Io direi che a una gran parte dei docenti della secondaria siano ignoti
persino Dewey, Piaget e Bruner. Altro che Gardner e Feuerstein o Goleman!
Nelle "Nuove Indicazioni" la questione metodologico-didattica è trattata in
un paragrafo alquanto contenuto, laddove si parla di “ambienti di
apprendimento”. Ma è lì il vero cuore del problema e se non si parte da lì i
nuovi curricoli o gli obiettivi di apprendimento non hanno alcun senso.

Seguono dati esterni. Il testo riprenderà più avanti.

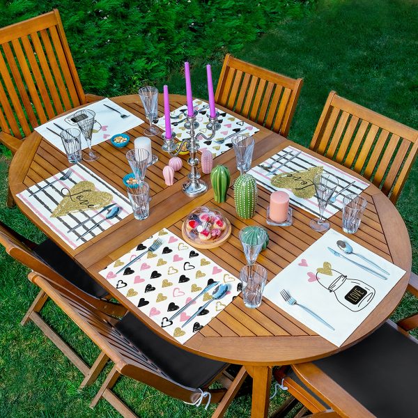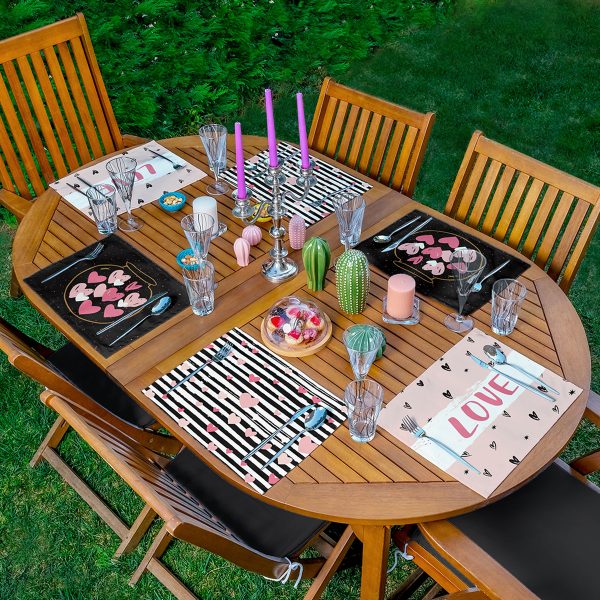 6’lı Renkli Love Tasarımlı Amerikan Servis Seti
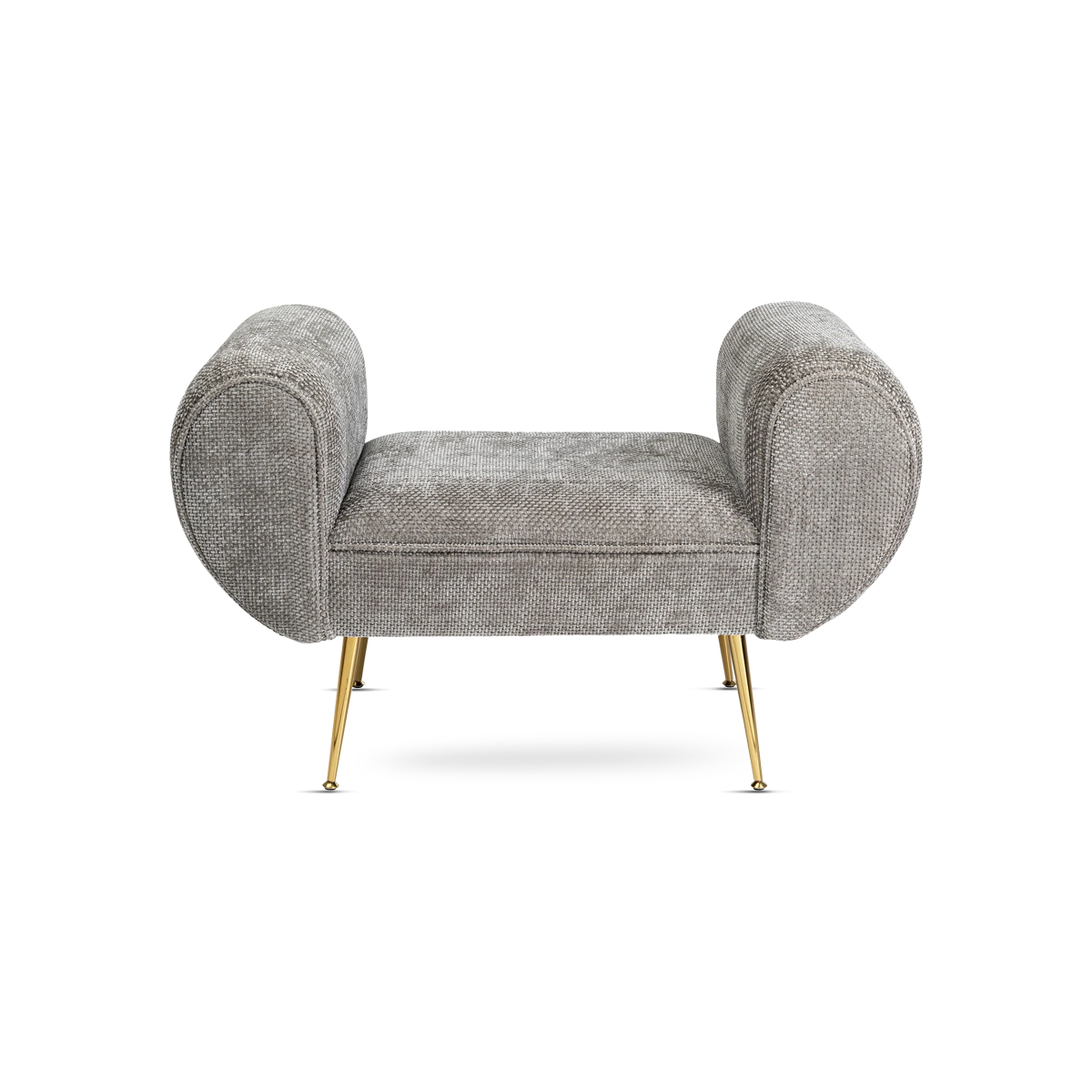 Trono is an original upholstered bench that stands out thanks to its special design with retro elements. The steel legs are coated with brass and look really elegant. The upholstered armrests offer additional seating comfort and give the Trono bench its special charm. Whether in the living room as a cosy seat, as a shoe bench in the hallway or in the bedroom as a comfortable bench by the bed, the Trono bench is a real all-rounder. Thanks to its eye-catching design, it can be easily integrated into any modern furnishing concept and will be an eye-catcher wherever you place it. With the Trono bench an original piece of designer furniture will be moving into your home, and you will be delighted not only by its appearance but also with the great seating comfort it offers.
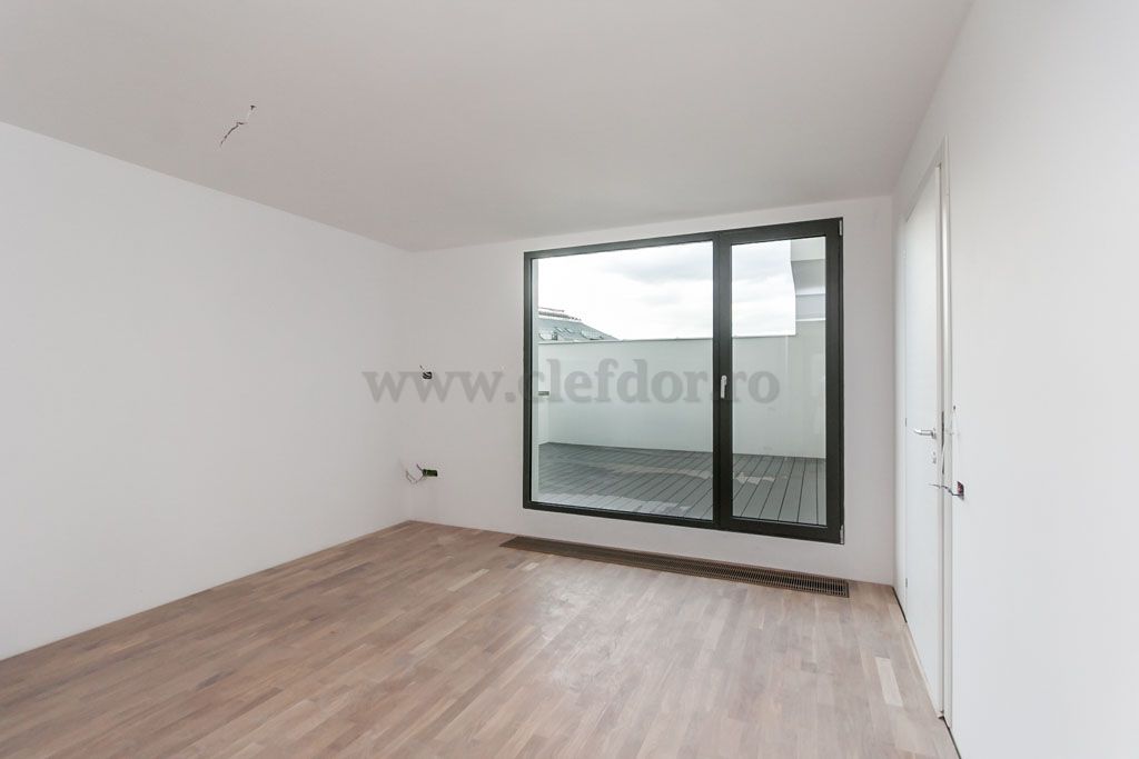 Doua dormitoare, baie si terasa spatioasa la nivelul suprerior.
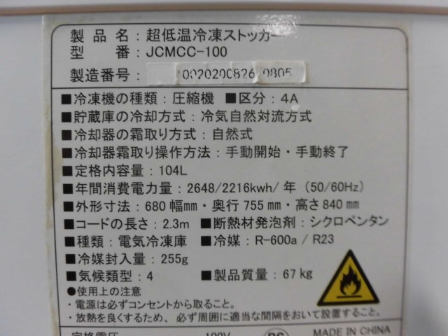 中古厨房 JCM 業務用 超低温 フリーザー JCMCC-100 100V 104L -60℃〜-40℃ W680×D755×H840mm 上開き キャスター付 中フタ有り 2020年製

Resta la vecchia didattica del libro di testo, della spiegazione in classe
con connessi rifiuto o “noia” da parte dei discenti per arrivare quindi
all’abbandono.
Certo la didattica non è tutto, lo sappiamo, ma, se si eccettua la scuola
elementare, quanti corsi di formazione trattano tali argomenti? Si parla di
laboratorialità, di “saper fare”, di contestualizzazione degli
apprendimenti; ma quanti sono nelle condizioni di attuare un vero
insegnamento laboratoriale?
Qui non si tratta di imporre una nuova didattica di Stato (come poteva
apparire in fondo quella della scorsa legislatura), ma anche le "unità di
apprendimento" potevano costituire un terreno fertile di confronto e di
avanzamento per la classe insegnante. Quando nella primavera del 2003 fu
proposto un Piano nazionale di formazione con un timido tentativo di
renderlo obbligatorio (nota del 10 aprile 2003 contenente le Linee guida), i
docenti, appoggiati dalle OOSS, insorsero e il Ministro dovette fare marcia
indietro (Comunicazione di servizio del 5 giugno succcesivo).
Sappiamo come si è riusciti a smontare la proposta di un Codice deontologico
e di un nuovo stato giuridico, per paura che introducesse doveri non
“contrattabili”; sappiamo come da almeno tre Contratti si parla di superare
l’appiattimento della funzione docente e .. poi non c’è mai il modo di
realizzare una carriera docente!.
Almeno su questo punto dell’aggiornamento obbligatorio nei modi da definire,
il nuovo Ministro dovrà impegnarsi. Purtroppo non c’è traccia di questo
impegno nei documenti apparsi in questi giorni da parte del gruppo del
“Buonsenso” o di quello che insiste sul “merito nella Scuola”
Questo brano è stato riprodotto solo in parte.